- TASK BRIEF: What lines of the material below hold the string "также"? Copy them out.

[INPUT RECORDS Boundary: Start]

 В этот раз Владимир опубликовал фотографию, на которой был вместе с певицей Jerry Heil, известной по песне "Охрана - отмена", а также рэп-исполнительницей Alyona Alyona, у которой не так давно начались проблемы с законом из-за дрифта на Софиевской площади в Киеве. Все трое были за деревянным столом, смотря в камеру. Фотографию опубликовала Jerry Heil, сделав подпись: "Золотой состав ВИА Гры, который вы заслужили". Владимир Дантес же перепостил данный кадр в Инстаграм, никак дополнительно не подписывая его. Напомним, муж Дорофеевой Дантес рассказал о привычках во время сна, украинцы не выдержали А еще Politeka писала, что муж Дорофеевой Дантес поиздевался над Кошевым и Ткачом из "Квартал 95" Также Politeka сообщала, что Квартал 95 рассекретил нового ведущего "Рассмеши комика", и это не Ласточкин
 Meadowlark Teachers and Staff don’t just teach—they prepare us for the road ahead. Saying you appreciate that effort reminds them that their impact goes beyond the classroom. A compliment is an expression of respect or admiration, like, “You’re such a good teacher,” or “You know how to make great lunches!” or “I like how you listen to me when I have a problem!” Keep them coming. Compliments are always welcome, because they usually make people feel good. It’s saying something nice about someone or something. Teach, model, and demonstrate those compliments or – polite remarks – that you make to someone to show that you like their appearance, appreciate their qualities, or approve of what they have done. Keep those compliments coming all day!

[INPUT RECORDS Boundary: End]
[INPUT RECORDS Boundary: Start]

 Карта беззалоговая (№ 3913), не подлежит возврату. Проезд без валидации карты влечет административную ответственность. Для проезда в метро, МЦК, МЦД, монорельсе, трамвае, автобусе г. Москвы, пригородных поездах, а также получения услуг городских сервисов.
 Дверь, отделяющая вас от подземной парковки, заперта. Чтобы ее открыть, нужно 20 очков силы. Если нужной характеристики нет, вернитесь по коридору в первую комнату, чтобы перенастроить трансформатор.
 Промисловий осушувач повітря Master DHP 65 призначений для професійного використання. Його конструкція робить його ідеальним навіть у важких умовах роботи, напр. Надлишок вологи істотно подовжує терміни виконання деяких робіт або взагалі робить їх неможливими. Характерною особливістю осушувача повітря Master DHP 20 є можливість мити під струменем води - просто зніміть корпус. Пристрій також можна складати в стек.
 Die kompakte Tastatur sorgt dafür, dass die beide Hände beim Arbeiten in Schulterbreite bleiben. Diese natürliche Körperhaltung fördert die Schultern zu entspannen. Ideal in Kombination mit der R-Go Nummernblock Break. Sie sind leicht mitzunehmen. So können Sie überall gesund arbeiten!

[INPUT RECORDS Boundary: End]
[INPUT RECORDS Boundary: Start]

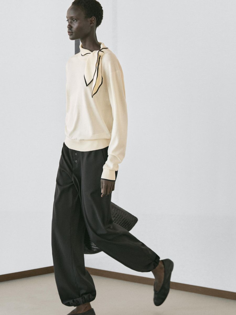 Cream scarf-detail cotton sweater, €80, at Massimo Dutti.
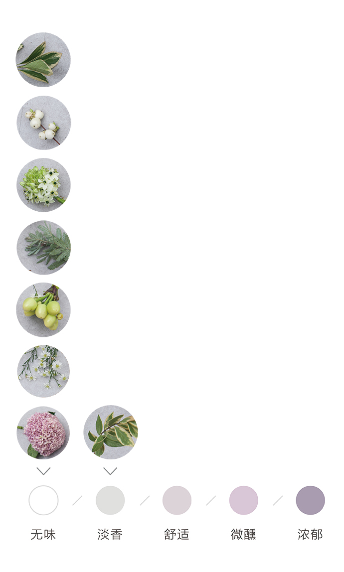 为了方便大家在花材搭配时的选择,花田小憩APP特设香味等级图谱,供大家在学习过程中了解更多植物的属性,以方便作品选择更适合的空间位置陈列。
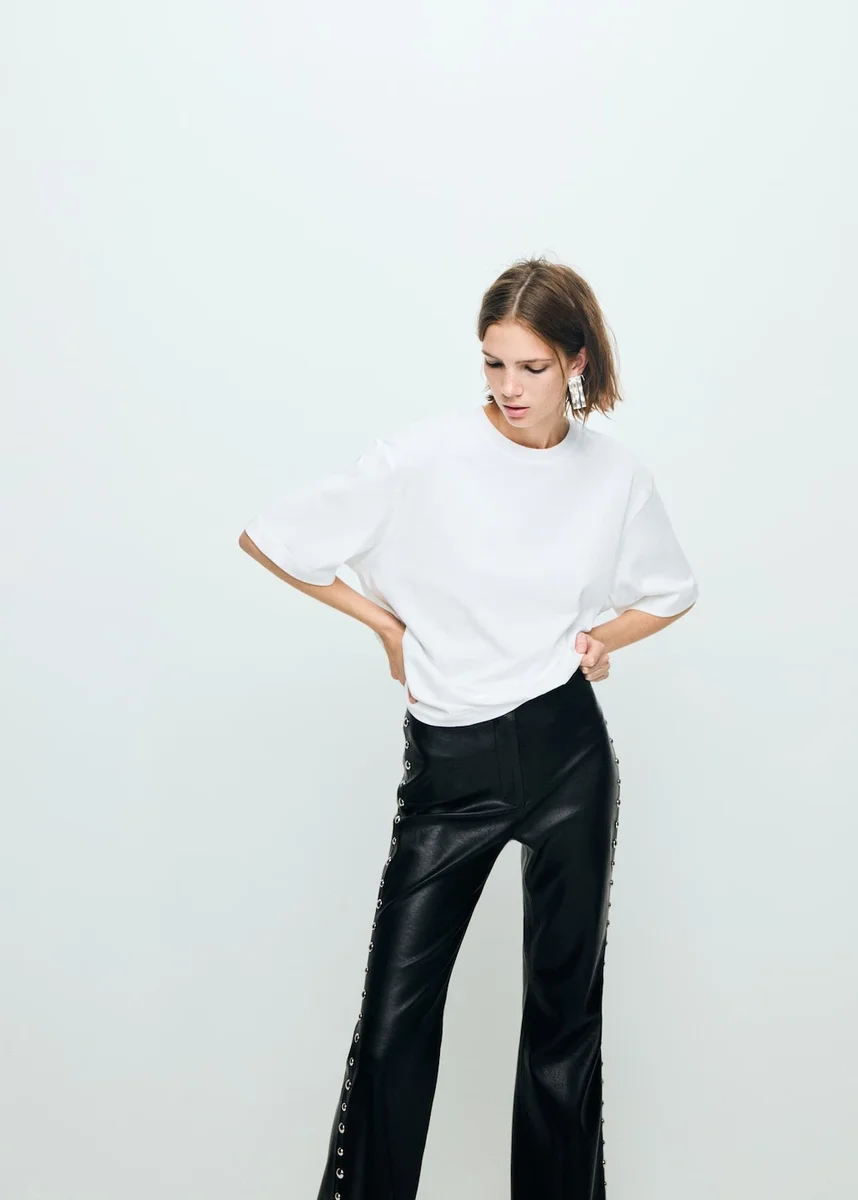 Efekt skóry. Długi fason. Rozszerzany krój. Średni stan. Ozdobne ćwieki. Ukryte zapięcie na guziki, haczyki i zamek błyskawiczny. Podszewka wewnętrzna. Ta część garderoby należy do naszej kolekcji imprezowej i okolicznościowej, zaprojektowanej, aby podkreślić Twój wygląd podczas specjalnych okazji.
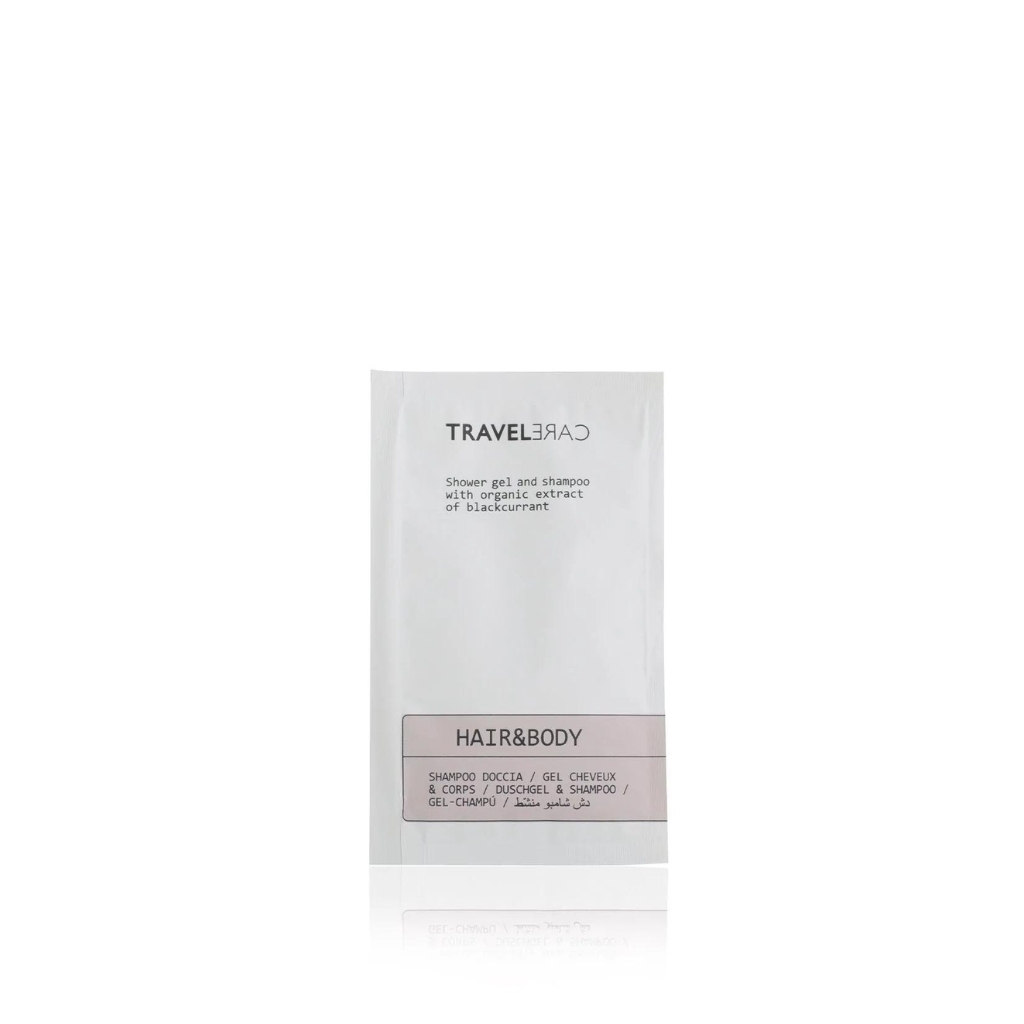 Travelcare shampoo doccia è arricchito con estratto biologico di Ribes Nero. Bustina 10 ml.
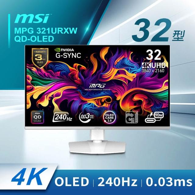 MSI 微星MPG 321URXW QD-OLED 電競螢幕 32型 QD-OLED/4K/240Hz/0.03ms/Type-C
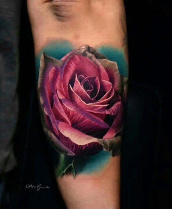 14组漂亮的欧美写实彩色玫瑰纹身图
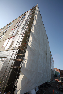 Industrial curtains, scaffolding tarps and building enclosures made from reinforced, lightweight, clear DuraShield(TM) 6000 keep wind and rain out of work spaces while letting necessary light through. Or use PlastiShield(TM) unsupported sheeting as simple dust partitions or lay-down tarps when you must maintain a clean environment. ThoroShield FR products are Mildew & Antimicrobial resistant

[INPUT RECORDS Boundary: End]

- RESULT OF THIS EXERCISE:
 В этот раз Владимир опубликовал фотографию, на которой был вместе с певицей Jerry Heil, известной по песне "Охрана - отмена", а также рэп-исполнительницей Alyona Alyona, у которой не так давно начались проблемы с законом из-за дрифта на Софиевской площади в Киеве. Все трое были за деревянным столом, смотря в камеру. Фотографию опубликовала Jerry Heil, сделав подпись: "Золотой состав ВИА Гры, который вы заслужили". Владимир Дантес же перепостил данный кадр в Инстаграм, никак дополнительно не подписывая его. Напомним, муж Дорофеевой Дантес рассказал о привычках во время сна, украинцы не выдержали А еще Politeka писала, что муж Дорофеевой Дантес поиздевался над Кошевым и Ткачом из "Квартал 95" Также Politeka сообщала, что Квартал 95 рассекретил нового ведущего "Рассмеши комика", и это не Ласточкин
 Карта беззалоговая (№ 3913), не подлежит возврату. Проезд без валидации карты влечет административную ответственность. Для проезда в метро, МЦК, МЦД, монорельсе, трамвае, автобусе г. Москвы, пригородных поездах, а также получения услуг городских сервисов.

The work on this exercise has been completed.